"EL HOMBRECILLO" - y 3
La
ciudad me aturdió desde el momento que bajé del tren en la estación de Saint
Lazare. Los andenes estaban repletos y fueron como el último vestigio de lo que
sucedía a cientos de kilómetros. El límite donde se acotaba la epidemia. La
inmersión en la alegría de los soldados que regresaban anulaba la presencia de
los que tenían que volver, los organismos infectados en los que nadie quería
pensar. Hacía apenas dos años que yo fui uno de ellos, pero aquel tiempo se
había convertido en un milenio insalvable. Lo comprobé en la cantina. La
algarabía de las novias y las madres, la suma de los pequeños ruidos que hacían
al entrechocar los vasos y los platos, las voces, el acordeón de un mendigo, todo me
atemorizó. Me sentí incapaz de comer o de moverme con tranquilidad y salí de
allí.
Fuera de la estación la vida se desarrollaba
no sólo con normalidad sino con exaltación. París era una fiesta y sus
habitantes habían decidido decir adiós a las armas. Creí por un momento que
podría retomar lo que una vez me perteneció, lo que nos perteneció a los
hombres del barro. Pero comprobé la imposibilidad de mi deseo por la evidencia
de que la gente que se iba cruzando en mi camino, reidora, despreocupada,
vestida de domingo, nos había olvidado.
Cuando fui a pagar la copa que tomé en un
bistrot, encontré en el bolsillo las cartas de Pignon. Las rompí en pedazos al
salir y la templada brisa de la primavera los esparció por la acera. Nunca
regresaría. Nada me vinculaba ya al lugar de donde había vuelto. Ni siquiera
unas cartas para entregar.
La Rue des Troyannes estaba cerca y me
dirigí a ella tratando de aplazar el encuentro con Dominique. En el trayecto,
los carteles fijados en las fachadas que animaron al alistamiento habían sido
sepultados por otros con la efigie del hombrecillo.
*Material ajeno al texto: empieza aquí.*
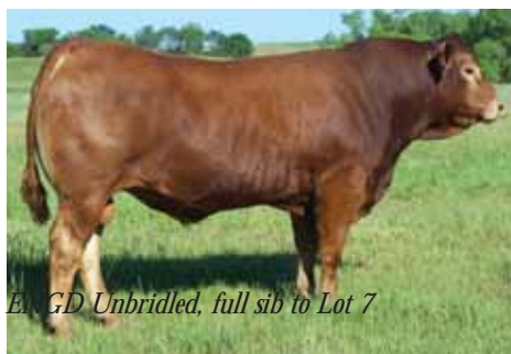
ENGD Unbridled, full sib to Lot 7

"18P" has been the leading fullblood donor at Englewood Farms for the last few years. She has earned her title as one of the very best fullbloods to ever step foot on the Kentucky soil at Englewood Farms. Bred in the Lenape herd in Pennsylvania, this granddaughter of Orion is from a daughter of MH Whipstich that goes back to a daughter of TEXS Ranger Ted back to the TEXS Star Luv cow family. This donor cow has proven her worth at Englewood in production over the last few years. Highlighted in this sale will be her 5 daughters. Her biggest accomplishment to date is raising her son ENGD Unbridled. He is a homozygous polled fullblood son of ENGD Polled Liberty 283R that is now owned in partnership with our friends at Wulf & Sons Limousin, Morris, MN. He posts a .81 for REA epd, scanned a 15.9 for REA and 2.86 for IMF. He is one of the finest homozygous polled fullblood sires in our breed at present. "18P" has earned her rights as a big time homozygous polled fullblood donor. If you love a brood cow with a lot of rib shape, volume and body then here she is. She is massive in any way that you look at her, sound in her structure and very appealing in her profile.

Cuando llegué al
cinematógrafo tuve que guardar una larga cola. A pesar de mis ropas civiles,
los que la formaban me miraban como si fuera transparente. Encontré un sitio
libre en las últimas filas, entre familias que deseaban terminar el domingo con
algo que les divirtiese. Cuando se apagaron las luces para comenzar la
proyección y el pianista hizo sonar los primeros acordes, noté que me había
orinado encima. Pero el hombrecillo apareció en la pantalla y el público
comenzó a reír nada más ver su rostro.
Se celebraban todos sus gestos y sus muecas
cómicas. El hombrecillo huía de sus perseguidores pasando bajo las piernas o
daba una patada a un gigantón de grandes cejas. Reposaba y se limpiaba las uñas
con la punta de su bastón de bambú. Las carcajadas ocultaban la música del
piano. En poco tiempo yo mismo reía contagiado por las imágenes de la pantalla.
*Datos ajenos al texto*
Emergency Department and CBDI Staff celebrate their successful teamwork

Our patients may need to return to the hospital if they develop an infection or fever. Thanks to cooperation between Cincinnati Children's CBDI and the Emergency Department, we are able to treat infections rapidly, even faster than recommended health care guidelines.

El hombrecillo se encontraba desvalido en aquel balneario tan lleno de
enemigos. Como si alguien lo hubiera internado allí por error para olvidarse
después de él.
Recordé a Dominique sin ningún tipo de pesar pero con el mismo miedo. Me
sorprendieron mis propias carcajadas igual de intensas que las que deformaban
las caras y humedecían los ojos de cuantos me rodeaban. El gigante de las cejas
caía en un estanque y el hombrecillo le pasaba por lo alto levantando el bombín
como disculpándose. En su ágil pequeñez estaba su fuerza. Olvidé que el asiento
estaba mojado por mi propio orín como si ocupara el lugar de un niño tan
desvalido como el pequeño héroe.
Pignon, Lebecq, Bouchet y todos los demás lo
hubieran entendido. Cuando me levanté, varios espectadores de atrás
protestaron. Incluso uno quiso obligarme a sentarme de nuevo tirándome de una
manga. Entonces saqué la pistola. No tenía sentido retrasarlo más. En la
oscuridad de la sala, el haz de luz arrancó destellos de leche al nácar. Al
verla, algunos gritos cercanos no consiguieron silenciar las risas y los
palmoteos. El fogonazo del primer disparo iluminó de color todo el blanco y
negro en que estaba inmerso. Hirió al pianista provocando una nota discordante
que ya nadie escuchó. Tuve que disparar una segunda vez para que el ruido
llevara al público a agolparse en la puerta de salida. Alguien, uno cualquiera,
cayó al suelo. Nada diferenciaba los gritos de aquella gente que se pisoteaba
de los que daban los heridos amputados. En torno a mí se escondían entre los
asientos tratando de ocultar la cabeza con las manos. Mientras, en la pantalla
se sucedían las persecuciones y los golpes sin que nadie les prestara atención.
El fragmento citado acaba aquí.